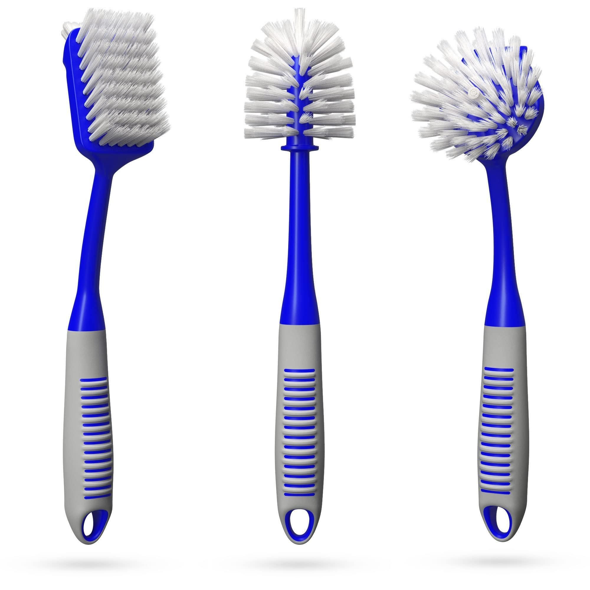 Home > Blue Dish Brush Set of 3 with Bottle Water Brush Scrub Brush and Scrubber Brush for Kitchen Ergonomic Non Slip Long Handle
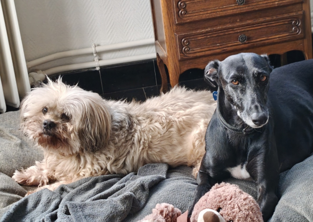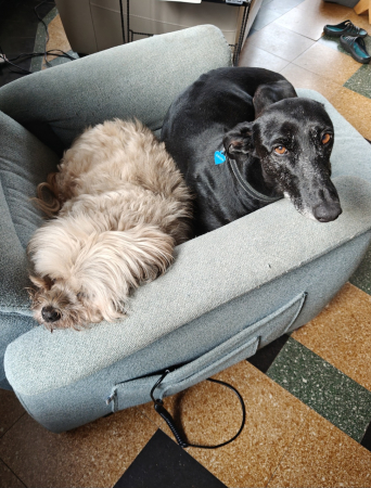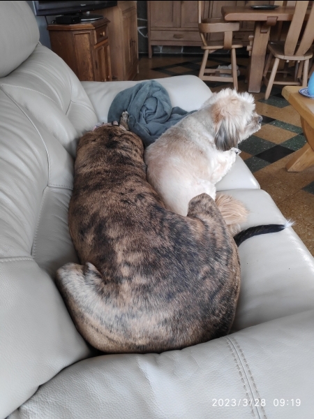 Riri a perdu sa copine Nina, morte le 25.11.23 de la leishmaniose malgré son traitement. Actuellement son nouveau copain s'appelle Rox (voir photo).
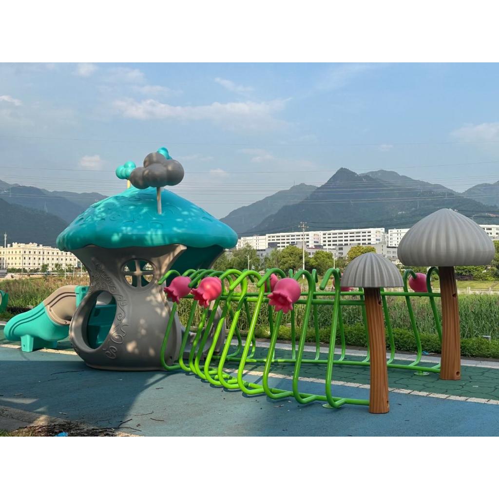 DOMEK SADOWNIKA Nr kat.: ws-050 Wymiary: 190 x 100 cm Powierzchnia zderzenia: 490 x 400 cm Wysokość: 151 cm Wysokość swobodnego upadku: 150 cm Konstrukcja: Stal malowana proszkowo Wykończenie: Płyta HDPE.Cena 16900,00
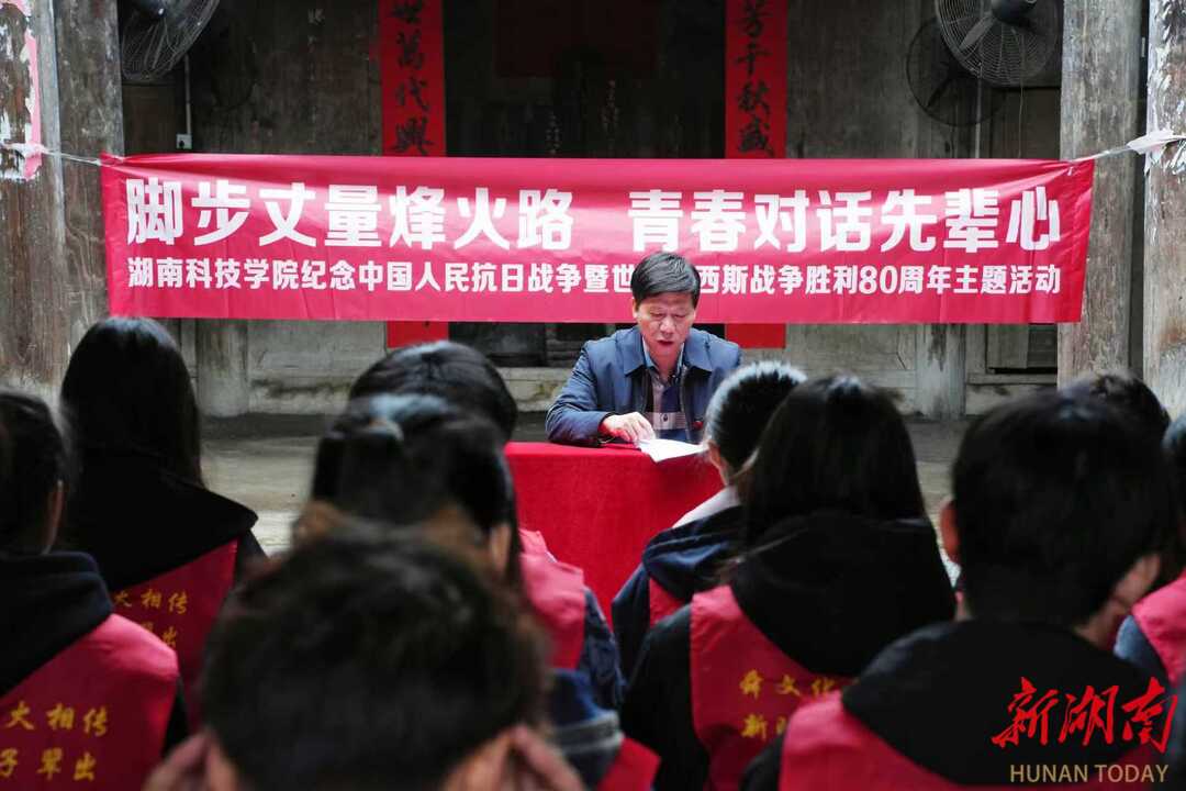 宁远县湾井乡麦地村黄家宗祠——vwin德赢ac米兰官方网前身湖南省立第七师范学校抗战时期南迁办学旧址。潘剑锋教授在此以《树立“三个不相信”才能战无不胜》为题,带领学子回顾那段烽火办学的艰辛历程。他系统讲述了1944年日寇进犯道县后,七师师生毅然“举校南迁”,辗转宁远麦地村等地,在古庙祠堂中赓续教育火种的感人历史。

▶ **Work task**:
For this exercise, output only the lines from the one bearing "Riri a perdu" to the end of the material above, exactly as written, with pictures left out.

▶ **Exercise result**:
 Riri a perdu sa copine Nina, morte le 25.11.23 de la leishmaniose malgré son traitement. Actuellement son nouveau copain s'appelle Rox (voir photo).
 DOMEK SADOWNIKA Nr kat.: ws-050 Wymiary: 190 x 100 cm Powierzchnia zderzenia: 490 x 400 cm Wysokość: 151 cm Wysokość swobodnego upadku: 150 cm Konstrukcja: Stal malowana proszkowo Wykończenie: Płyta HDPE.Cena 16900,00
 宁远县湾井乡麦地村黄家宗祠——vwin德赢ac米兰官方网前身湖南省立第七师范学校抗战时期南迁办学旧址。潘剑锋教授在此以《树立“三个不相信”才能战无不胜》为题,带领学子回顾那段烽火办学的艰辛历程。他系统讲述了1944年日寇进犯道县后,七师师生毅然“举校南迁”,辗转宁远麦地村等地,在古庙祠堂中赓续教育火种的感人历史。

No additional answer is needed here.